Let $f$ be a function with a countinuous derivative on the interval $[1,n]$.
We consider $\sum_{k=1}^{n-1}f(k)-\int_{1}^{n}f(x)\,dx$. (See the picture below. $f(x)=\frac{1}{x}\sin(\frac{x}{5})$ and $n=50$.)
$$\sum_{k=1}^{n-1}f(k)-\int_{1}^{n}f(x)\,dx=\sum_{k=1}^{n-1}\int_{k}^{k+1} f(k)\,dx-\sum_{k=1}^{n-1}\int_{k}^{k+1}f(x)\,dx\\=\sum_{k=1}^{n-1}\int_{k}^{k+1}\{f(k)-f(x)\}\,dx.$$
$$\int_{k}^{k+1}\{f(k)-f(x)\}\,dx=\int_{k}^{k+1} (x-k-1)^{'}\{f(k)-f(x)\}\,dx\\=[(x-k-1)\{f(k)-f(x)\}]_{k}^{k+1}+\int_{k}^{k+1} (x-k-1)f^{'}(x)\,dx\\=\int_{k}^{k+1}(x-k-1)f^{'}(x)\,dx=\int_{k}^{k+1}(x-[x]-1)f^{'}(x)\,dx.$$
So, $$\sum_{k=1}^{n-1} f(k)-\int_{1}^{n} f(x)\,dx=\sum_{k=1}^{n-1}\int_{k}^{k+1}(x-[x]-1)f^{'}(x)\,dx\\=\sum_{k=1}^{n-1}[\int_{k}^{k+1}(x-[x])f^{'}(x)\,dx-\int_{k}^{k+1} f^{'}(x)\,dx]\\=\int_{1}^{n}(x-[x])f^{'}(x)\,dx-\int_{1}^{n}f^{'}(x)\,dx\\=\int_{1}^{n} (x-[x])f^{'}(x)\,dx+f(1)-f(n).$$
So, $$\sum_{k=1}^{n} f(k)=\int_{1}^{n} f(x)\,dx+\int_{1}^{n} (x-[x])f^{'}(x)\,dx+f(1).$$
Since $$\int_{1}^{n} (x-[x])f^{'}(x)\,dx\\=\int_{1}^{n} (x-[x]-\frac{1}{2})f^{'}(x)\,dx+\int_{1}^{n}\frac{1}{2} f^{'}(x)\,dx\\=\int_{1}^{n}(x-[x]-\frac{1}{2})f^{'}(x)\,dx+\frac{1}{2}\{f(n)-f(1)\},$$
$$\sum_{k=1}^{n} f(k)=\int_{1}^{n} f(x)\,dx+\int_{1}^{n} (x-[x]-\frac{1}{2})f^{'}(x)\,dx+\frac{1}{2}\{f(n)+f(1)\}.\tag{8}\label{8}$$
The factor $x-[x]-\frac{1}{2}$ has the value $-\frac{1}{2}$ when $x$ is an integer.
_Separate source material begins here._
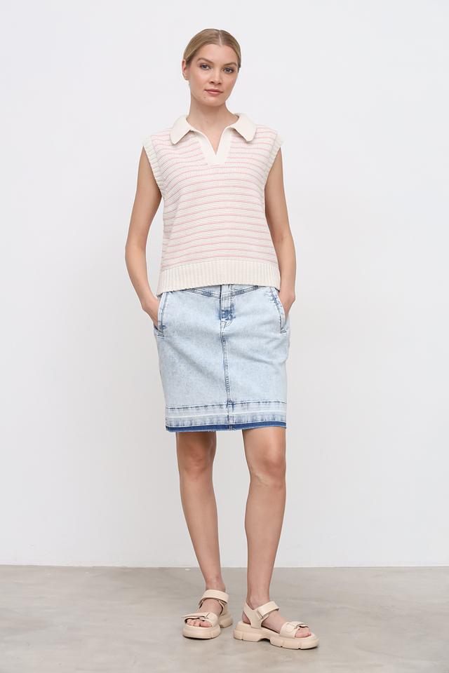 Юбка имеет классический прямой крой и длину до колена. Голубой цвет и эффект "вареной" джинсы придают ей современный и непринужденный вид. Модель оснащена боковыми карманами и стандартной застежкой на молнию и пуговицу.
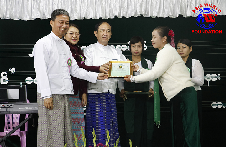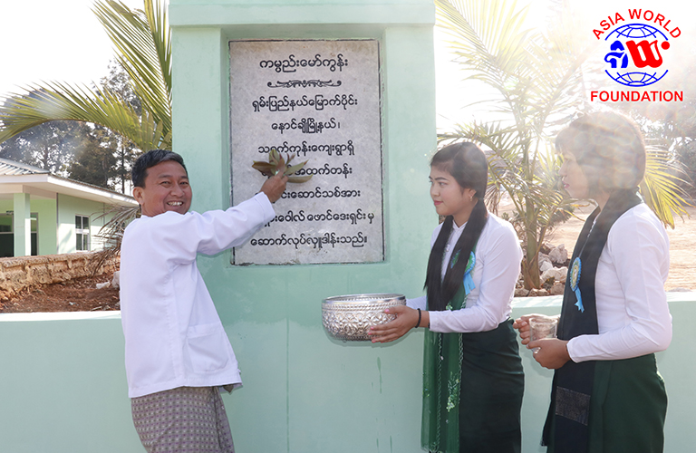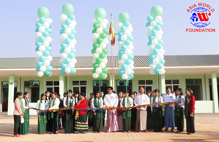 Asia World Foundation’s donation of a Basic Education High School building in Thayat Kone -1 Village, Naung Cho Township, Northern Shan State was officially handed over to the region’s Ministry of Education on 29 January 2019. At the opening ceremony, Director General of Civil Aviation Department U Min Lwin and Education Officer of Naung Cho Township Daw Ni Ni Kyaw and Headmistress of the high school Daw Nan Nyunt Nyunt presided over the ribbon cutting and handover ceremony.

We modify this factor slightly to make it vanish at the integers, a property that is desirable when we integrate by parts. To do this we introduce $P_1(x)$, the first Bernoulli function:
$P_1(x)= \begin{cases} x-[x]-\frac{1}{2} & \text{if $x\neq$ integer} \\ 0 & \text{if $x=$ integer.} \end{cases}\tag{9}$ The error integral does not change if the factor $x-[x]-\frac{1}{2}$ is replaced by $P_1(x)$ because the two factors differ only at the integers. Therefore $\eqref{8}$ can be written as $$\sum_{k=1}^{n} f(k)=\int_{1}^{n} f(x)\,dx+\int_{1}^{n} P_1(x)f^{'}(x)\,dx+\frac{1}{2}\{f(n)+f(1)\}.\tag{10}\label{10}$$
Note the cotrast between $\eqref{10}$ and (3), which explicitly displays the generalized Euler's constant $C(f)$. To make $\eqref{10}$ resemble (3) more closely, we assume that the improper integral $\int_{1}^{\infty} P_1(x)f^{'}(x)\,dx$ converges. Then we can write $$\int_{1}^{n}P_1(x)f^{'}(x)\,dx=\int_{1}^{\infty}P_1(x)f^{'}(x)\,dx-\int_{n}^{\infty}P_1(x)f^{'}(x)\,dx,$$ and $\eqref{10}$ takes the form $$\sum_{k=1}^{n}f(k)=\int_{1}^{n}f(x)\,dx+C(f)+E_f(n),\tag{11}\label{11}$$ where $$C(f)=\frac{1}{2}f(1)+\int_{1}^{\infty}P_1(x)f^{'}(x)\,dx\tag{12}\label{12}$$ and $$E_f(n)=\frac{1}{2}f(n)-\int_{n}^{\infty} P_1(x)f^{'}(x)\,dx.$$
Eq. $\eqref{11}$ has exactly the same form as (3), but $\eqref{11}$ is more general because $f$ is not required to be positive or monotonic. The only restrictions on $f$ are continuity of $f^{'}$ and convergence of the improper integral $$\int_{1}^{\infty}P_1(x)f^{'}(x)\,dx.\tag{13}\label{13}$$
The improper integral in $\eqref{13}$ converges if, and only if, $$\lim_{n\to\infty}\int_{n}^{\infty}P_1(x)f^{'}(x)\,dx=0.\tag{14}\label{14}$$
A sufficient condition for convergence is that $\int_{1}^{\infty}|f^{'}(x)|\,dx$ converges, or equivalently, that $$\lim_{n\to\infty}\int_{n}^{\infty}|f^{'}(x)|\,dx=0.\tag{15}\label{15}$$ To see this, note that the Bernoulli function $P_1(x)$ is bounded; in fact, Figure 3 shows that $|P_1(x)|\leq\frac{1}{2}$ for all $x$, so $\eqref{14}$ follows from $\eqref{15}$.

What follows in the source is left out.